Janitor’s Late Arrival Leads to Solving Unsolvable Math Problems

George Dantzig showed up late, thought the impossible was homework, and solved what nobody else could.

Walking into class late and mistaking two of the world’s most difficult math problems for homework sounds like a movie scene, because it became one.

That’s exactly what happened to George Dantzig in 1939, a graduate student at UC Berkeley. He rushed into Professor Jerzy Neyman’s statistics lecture and saw two problems written on the blackboard. Assuming they were part of the day’s assignment, he jotted them down.

He worked through the problems at home, submitted them late, and apologized for the delay. A few weeks later, his professor knocked on his door stunned. Dantzig hadn’t just completed an assignment. He had solved two unsolved problems in statistics that had stumped top mathematicians for years.

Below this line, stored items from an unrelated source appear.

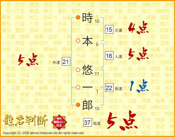時本悠一郎さんの総運は37画の5点!
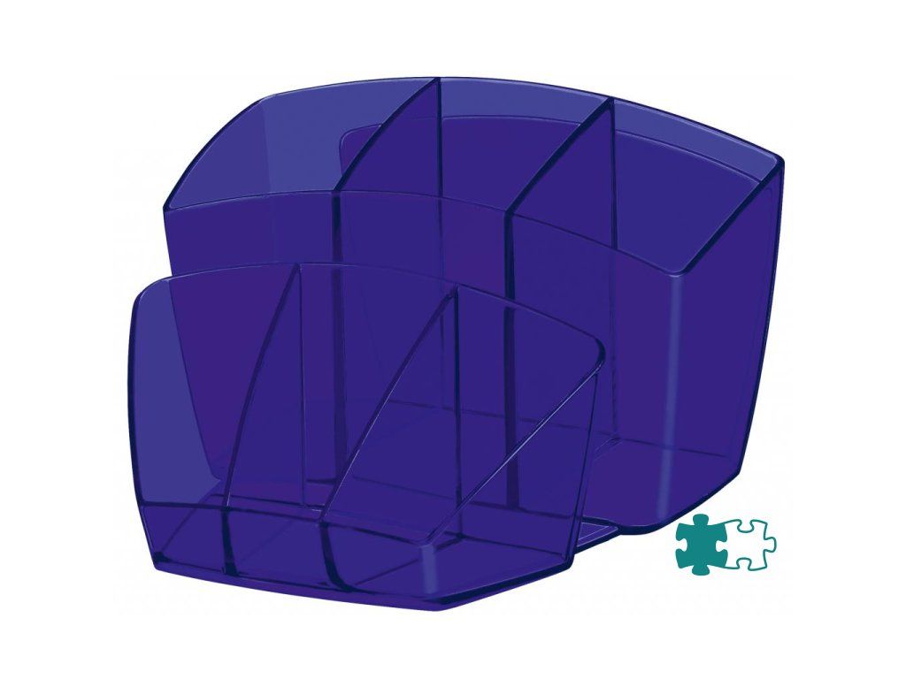 Dômyselne navrhnutý kompaktný a elegantný stolný organizér na kancelárske príslušenstvo. Kapacita: 40 pier, 5 zvýrazňovačov a 3 všeobecné priehradky. Na spodnej časti protišmyková podložka. Celkové rozmery 143 × 158 × 93 mm. 100% recyklovateľný, vysokokvalitný plast. Väčšie balenie 6 ks. Farba transparentná modrá.Dodatočné parametre
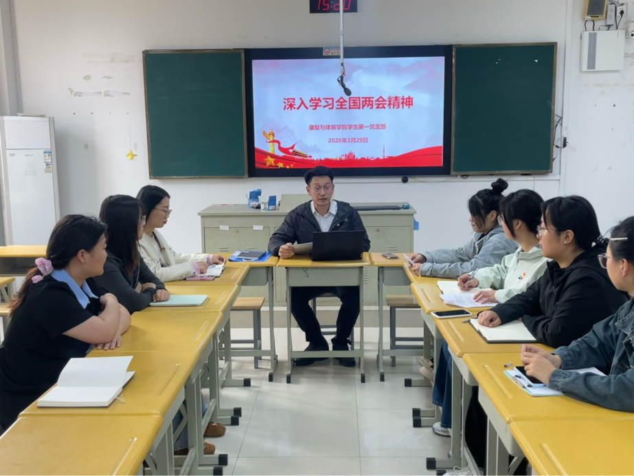 为深入学习贯彻2026年全国两会精神,引导学生党员将思想与行动统一到国家发展大局,3月29日下午,康复与体育学院学生第一党支部召开“深入学习全国两会精神 谱写‘十五五’发展新篇章”主题党日活动。活动由支部书记田天乐主持,支部全体成员参加。
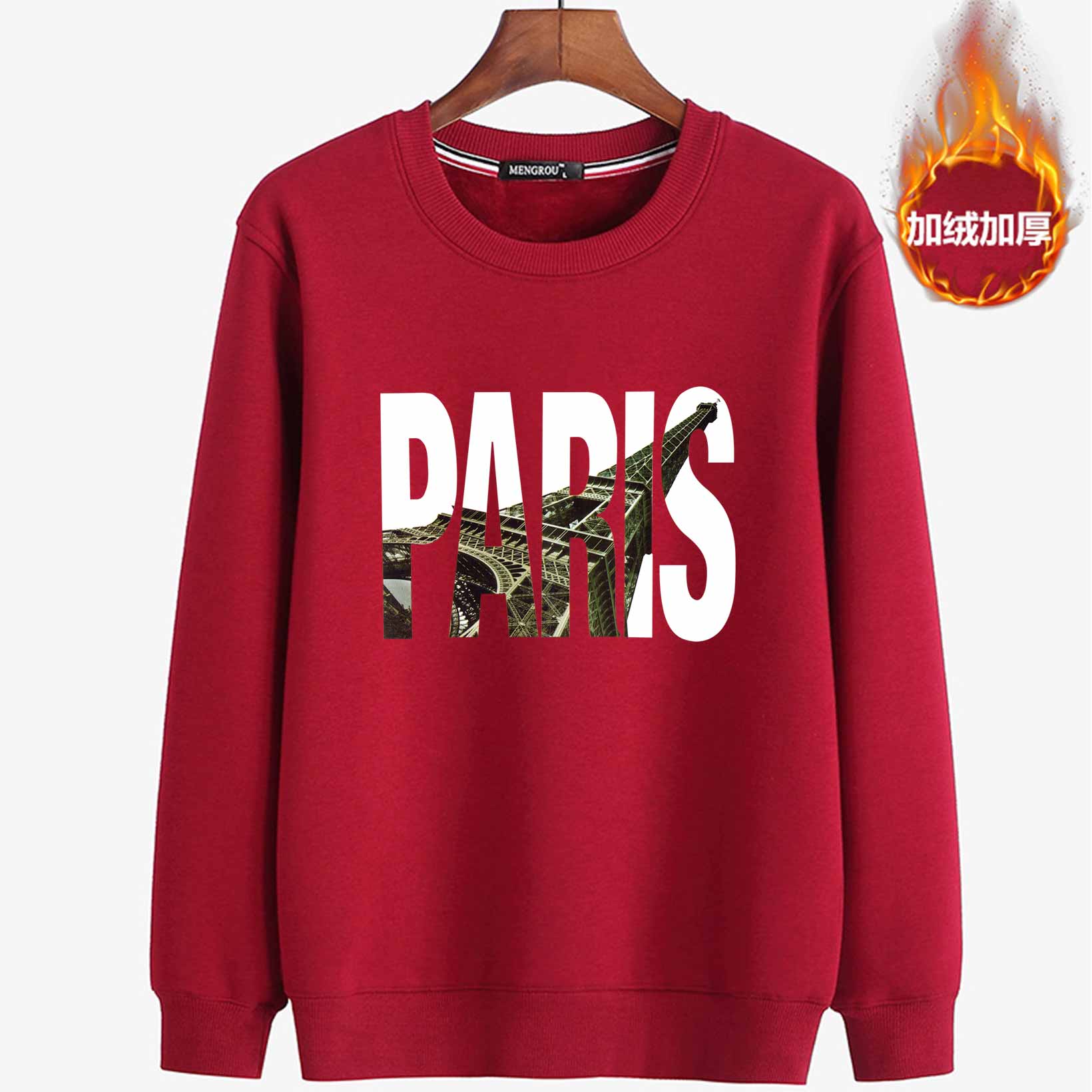 秋冬新款男士加绒加厚长袖T恤圆领纯棉保暖套头卫衣打底衫外穿T恤

The solutions were so significant they later became part of Dantzig’s doctoral thesis. His brilliance didn’t stop there. He went on to help develop the Simplex algorithm, a cornerstone of operations research that’s still used in fields like logistics, finance, and engineering.

Years later, this real-life moment became the inspiration for the iconic janitor scene in Good Will Hunting. In the film, Matt Damon’s character casually solves a complex math problem on a hallway blackboard, stunning MIT professors.

What most fans don’t know is that the film’s moment of genius was drawn from Dantzig’s real-world brilliance.

His accidental legend is now used in motivational speeches and self-help books to prove that sometimes, not knowing the limits is what breaks them.